= Zhu Zhaoxiang =

Chinese engineer

Zhu Zhaoxiang (朱兆祥; 1921 – 28 November 2011), also known as Zhao-xiang Zhu, was a Chinese engineer, educator and a pioneer of explosive mechanics in China. He was the first President of Ningbo University.

==Biography==
On February 4, 1921, Zhu was born in Zhenhai County (current Zhenhai District), Ningbo, Zhejiang Province. Both his father and grandfather were fishermen. In 1949, Zhu graduated from the Department of Civil Engineering, Zhejiang University. In the early 1940s, Zhu joined the Chinese Communist Party (CCP). From 1944 to 1949, Zhu was a lecturer and assistant in the Department of Civil Engineering, Zhejiang University.
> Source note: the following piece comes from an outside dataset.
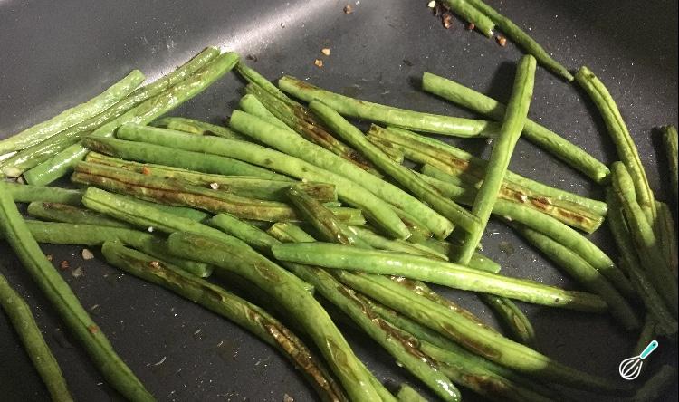 Sirva em seguida sua vagem assada no forno simples como acompanhamento de, por exemplo, sobrecoxa desossada frita. Bom apetite!

In 1957, because of his right-wing political views and statements, Zhu was expelled from the CCP. Zhu was reaccepted and rejoined the party in the Deng Xiaoping era. From 1959 to 1988, Zhu taught mechanics at the University of Science and Technology of China (USTC); he was a lecturer, associate professor, professor, and the leader of explosive mechanics research at USTC, in chronological order. From 1985 to 1988, Zhu served as the first President of Ningbo University. Since 1989, Zhu continued his position at the Institute of Mechanics, Chinese Academy of Sciences as a senior researcher.